IL TACCUINO DI NUCCIO FAVA
Trionfo del “tedeschellum” e voglia crescente di urne in un Paese sfiduciato e a rischio
di Nuccio Fava
 In
una fase angosciosa e a rischio con le frenesie di queste ore, restiamo il Paese
in cui ha sempre troppo pesato un utilizzo superficiale e strumentale della
grande lezione di Machiavelli, ridotto a cinico cantore del potere con ogni
mezzo, e della sua conquista a ogni costo. La stessa banalità con cui è stata
utilizzata l’espressione “il fine giustifica i mezzi” è anche oggi ben presente
nella sarabanda ininterrotta di incontri e trattative. Non è, però, questa la
sede per riscoprire il pensiero autentico del grande Machiavelli, anche se
diviene, forse, inevitabile evocarne l’uso distorto e strumentale che continua
a imperare.

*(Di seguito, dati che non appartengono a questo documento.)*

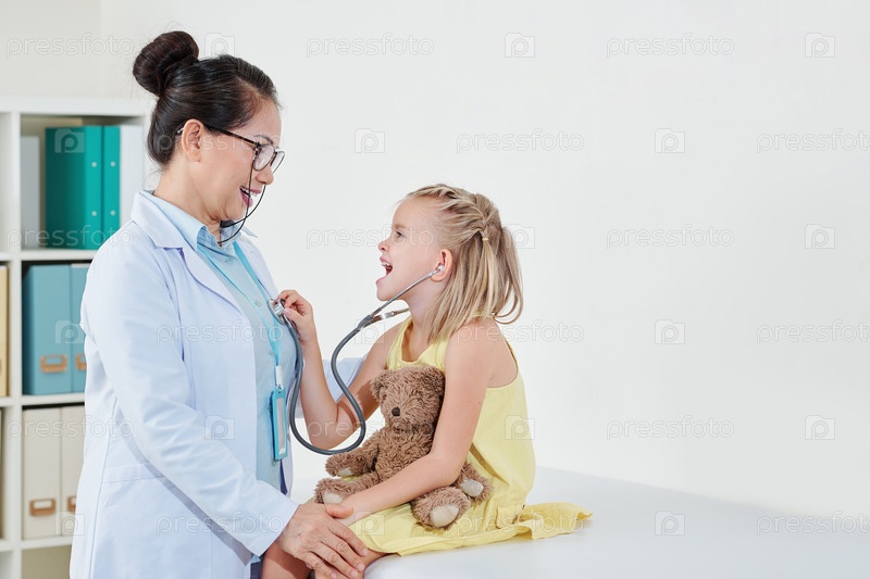 Врач позволяет девушке играть со стетоскопом
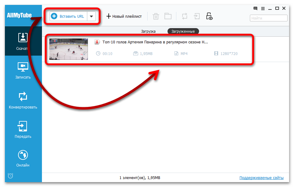 AllMyTube – устанавливаемая программа для компьютера, поддерживающая скачивание с нескольких десятков сайтов. Отличительная черта – наличие встроенного конвертера. Который позволяет одновременно со скачиванием, перекодировать файл в желаемый формат;
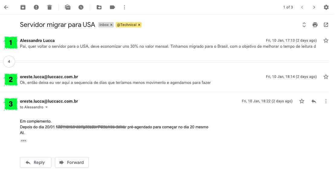 Ao abrir email agrupado por conversa "Servidor migrar para USA" ...
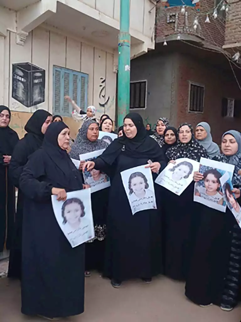 تحدث محقق فيتو مع الجيران الذين عبروا عن حزنهم الشديد عن فقدان الطفلة مكة ممسكين بأيديهم لافتات مدون عليها «حق مكة لازم يرجع» ومطالبين بالقصاص العاجل من القاتلة التي استباحت دم الطفلة بدون سبب واضح.
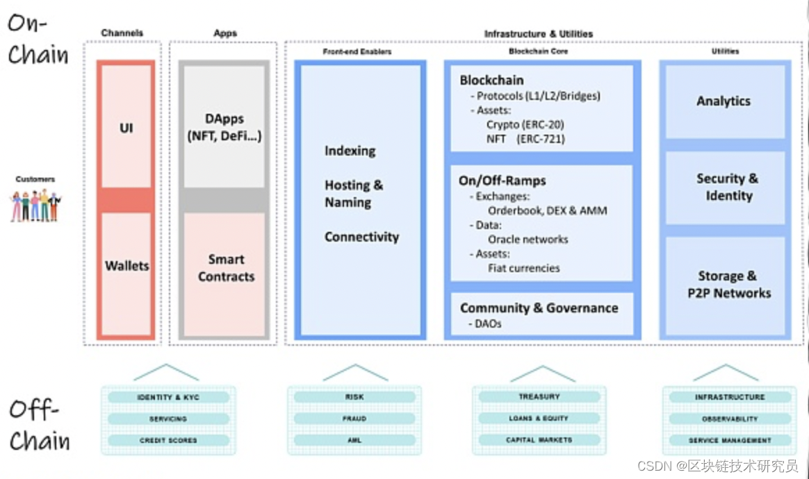 这里是分布式应用(DApps)和智能合约的逻辑部分,以满足越来越多的使用案例。它们与底层基础设施交互,并通过渠道(Channels)支持用户交互。就像基础设施组件一样,DApps 和智能合约需要在某个地方运行;因此,依靠区块链和各种 "链外 "服务提供者来确保功能性和非功能要求得到满足。
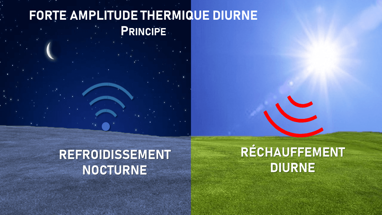 Schéma représentant le principe d'une forte amplitude thermique - Météo Concept
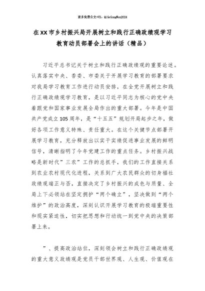 / 2026政绩观│03动员部署:在XX市乡村振兴局开展树立和践行正确政绩观学习教育动员部署会上的讲话
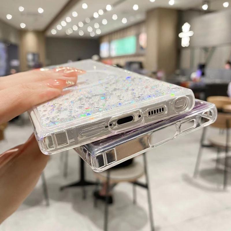 Θήκη κινητού τηλεφώνου Samsung Galaxy S24 Ultra 5G MagSafe Υβριδική Διαφανής TPU με Λάμψη (ρόζ)
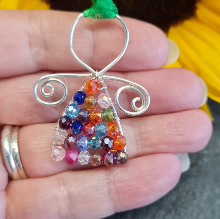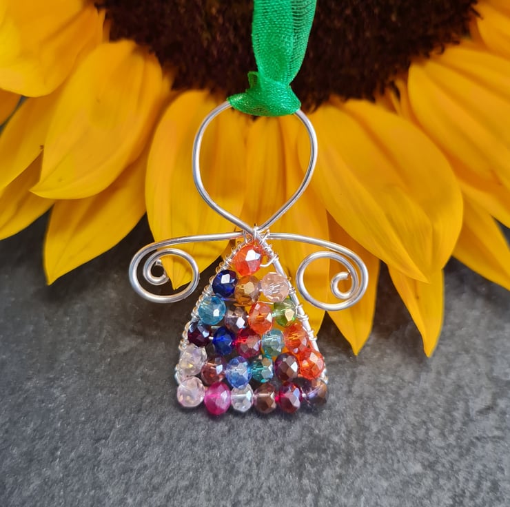 Wire wrapped mini angel with mixed colour crystals with an ab coating that ensures that they catch the light beautifully.
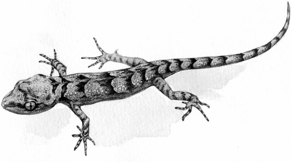 Внешность гекконов можно описать несколькими словами. Длиной невелик, 8–9 сантиметров вместе с хвостиком, глазаст, большеголов, крупночешуист. Ножки тоненькие, очень цепкие; по цвету серый. Это если очень коротко, а для любителей более детальных характеристик можно и подробнее. Глаза у гекконов большие, без век, с вертикально поставленными зрачками, выражение их несколько изумленное, а по цвету они, как рубины, красные и нуждаются в постоянном уходе. Геккон, понятно, знает об этом и часто протирает их, как тряпочкой, собственным языком. Со стороны создается впечатление, что он никак не может поверить чему-то только что увиденному. Удивляется, и потому вынужден постоянно протирать свои круглые глазища. Рот у гекконов изогнут так, будто он постоянно застенчиво улыбается, и, как ласковая собачка, виляет или дергает хвостиком. Чешуйки на хвостике трутся друг о друга, издавая то ли шелест, то ли звуки, похожие на затаенный шепот. В наличии у гекконов и голосовой обмен информацией. При этом слышится нечто похожее на птичью трельку: «пик… пик… пик-и-и-и». Одет геккон в серые чешуйчатые «штаны» и «рубаху», причем этот «костюмчик», как у непоседливых мальчишек, быстро снашивается и его за сезон приходится менять раза три-четыре. Меняя, геккон берет сам себя лапками за плечи и за шиворот и стаскивает старую кожу через голову. Старается так, что из кожи вон лезет, а потом берет и съедает старую одежку. А зачем она ему, если уже есть новая и красивая.
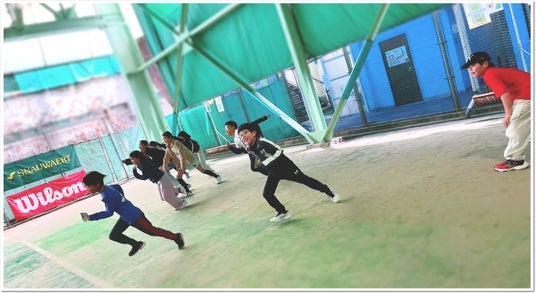 初日は、ITC神戸 インドアテニススクールにて、技術レベル別に分かれて練習を行いました。普段とは異なるコーチや仲間との環境に、最初は少し緊張した表情も見られましたが、レッスンが進むにつれて積極的なプレーが増え、上達を目指して懸命にボールを追う姿が印象的でした。

Mentre, appunto, protagonisti principali della scena restano l’ex
premier, l’ex cavaliere e l’ex comico.
Non
viviamo certo una stagione esaltante, con lo scenario internazionale dominato
dalle sparate di Trump e mentre l’Europa è alle prese con una crisi senza
precedenti e con problematiche speranze affidate alla cancelliera tedesca e al
nuovo giovane presidente Macron, che sono di sicuro un argine possibile ai
populismi e a un nuovo ruolo dell’Unione europea. Anche se l’Italia dell’instabilità
e della crisi economica sociale non riesce a comprendere, adeguatamente, la
gravità della situazione e gioca, pericolosamente, alla roulette delle urne
anticipate e alla riduzione di Gentiloni a mero governo balneare. Elementi
tutti che ne accrescono rischi e precarietà sul piano finanziario e dei mercati
e non offrono affidabilità e consapevolezza responsabile in Europa.
Rischiamo,
cioè, di restare ancora fanalino di coda in Europa dove l’illusione che basterà
battere i pugni a Bruxelles – per ottenere udienza adeguata o raggiungere
obbiettivi ancora più esigenti – per poter svolgere un ruolo da protagonisti
nel cammino di riforme istituzionali e politiche assolutamente indispensabili
per tentare un ruolo significativo nelle mutate condizioni del mondo. Sta qui
la contraddizione e l’inadeguatezza della frenesia che da tempo percorre i
palazzi romani e l’entusiasmo con cui si corre verso le urne, aggrappandosi all’ultima
ancora di salvezza del “tedeschellum”. Che non è in sé strumento diabolico come
il “porcellum” o “l’italicum”, ma nemmeno l’arca di Noè per la salvezza del Paese.
Tra
l’altro, si arriva a questa soluzione, ormai quasi unanime, con intenti ed
egoismi contrapposti. Chi per spirito di rivincita alla batosta del referendum
del 4 dicembre scorso, chi per ingigantire il consenso alla sua proposta
populista e di contrapposizione radicale al sistema, chi nell’intento di
ricostruire il ruolo di unico federatore possibile del centro destra, in attesa
di una sentenza da Strasburgo che ne riabiliti dignità e onore. Anche Salvini
si è, alla fine, aggregato alla prospettiva di un possibile “nazareno 2”,
mentre il solo Angelino Alfano con Formigoni resta singolarmente all’opposizione
sventolando la bandiera di contrarietà alle elezioni anticipate, ma anche
perché terrorizzato di non superare il quorum del 5%. Ma i sistemi elettorali
non andrebbero mai utilizzati secondo le convenienze del momento e gli
interessi di parte.
Il
ricorso maldestro al cosiddetto modello tedesco appare, in ogni caso, usato per
contrapposte convenienze e motivazioni differenti a cominciare dalla più
preoccupante, quella di contarsi il prima possibile con un voto anticipato
senza reale rispetto delle prerogative del presidente della Repubblica e dei
gravi mali del Paese. Unica consolazione le imprese dello Sport, con la
straordinaria festa per Francesco Totti e il trionfo delle Ferrari a
Montecarlo. Anche la non retrocessione del Crotone all’ultimo minuto, in una
Calabria devastata dalla ‘ndrangheta. Ma lo Sport non basta, anche se resta
fattore rilevante della vita delle persone e della stessa possibilità di
coesione nazionale. Basta ricordare la vittoria di Bartali in Francia o l’attesa
italica per la finale della Juventus col Real Madrid. Ma non si vive solo di Sport.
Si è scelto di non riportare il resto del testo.